Alright, so hunger and thirst, my two old nemeses, had come home to roost, and I was really stranded in the middle of nowhere.  But I just kept going, because I had too much pride to turn back, too much pride to drink ditch water but evidently not enough pride to stop me from stripping down completely naked and plunging into the first ice-cold glacier-fed creek I saw in four hours and holding my head under water to drink as much of the giardia-laced nectar as I could get.  It was magical.  Not too long after I could be seen descending on a bank of wild strawberries and stuffing my face for 45 minutes on the tiniest but tastiest of delights. I had turned into a wretched and vile animal and I loved every second of it. 
Post-strawberries, pre-rain.  That brief, satisfying but unsettling window.

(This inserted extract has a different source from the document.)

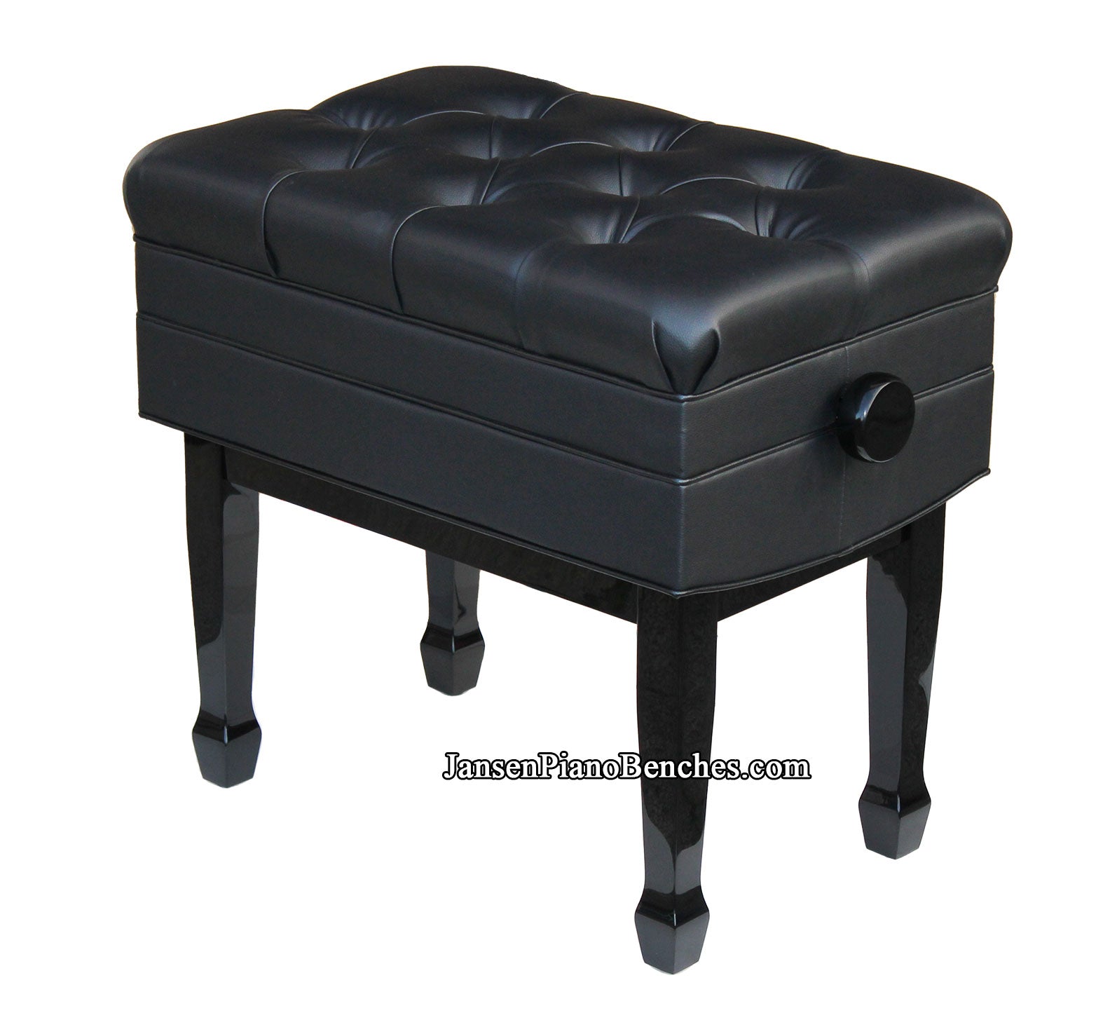 The upgraded deluxe adjustable piano bench comes with a full-size sheet music storage department located underneath the seat, allowing you to keep your sheet music organized and within easy reach. The attractive diamond tufted padding is plush and comfortable, and the top is constructed of durable, furniture grade vinyl. The upholstered top of the bench has the "skirt," which hides the adjustment mechanism when the bench is raised (if you look below the adjustment knob, that extra few inches of material is the skirt--if the bench does not have this, you will see the gap between the frame and the upholstered top when the seat is raised, exposing the mechanism arms). The spade leg style adds an elegant touch to the design.
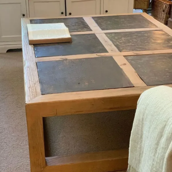 La mesa de centro “Tamariu” es una pieza con carácter que combina la calidez del pino viejo recuperado con la fuerza estética de las chapas de encofrado antiguas.

Anyhow, after that little episode I was recharged and ready to walk all the way to Batumi if need be.  I looked across the ravine (I was really, really high up at this point) and could make out what I thought were houses.  It looked like a tiny village in the clouds, just above the treeline.  All I could think is how nice that village must be, and that it’s tragic I would never get to see it.
My camera can't seem to capture just how steep and long this ravine bank is. 
Then the absolute worst thing happened.  The worst.  I was on a mountain “highway” with no place to sleep and nightfall was approaching, so you can only imagine how it could get worse: rain.  It started raining, and I started freaking out.  It was that kind of rain that is ice cold and pierces through your shirt and even on the hottest day is so uncomfortable.  It started to come down in torrents and I burst out “I can’t do this anymore” and started running to find some sort of a cover. 


Village in the clouds.
I made it to under a large, leafy tree which provided momentary relief when suddenly, in the distance, I could make out a rickety old Mercedes van coming my way. A marshrutka!  At just the right time.  Things were looking up, and I didn’t have to hurl myself over the ravine after all.  
Google Maps is telling me I walked 16.6km but that is absolutely ludicrous when you think about it.  16.6km!  With a 25kg backpack. Uphill. In flip flops (did I mention the blisters I had that forced me to wear flip-flops for the past several weeks?).  In 35 degree heat with no food or water.  Then I realised that I only measured from Zarzma and not from my starting point at Adigeni, so I actually walked 20.8km.  Yes, I do think I'm better than you.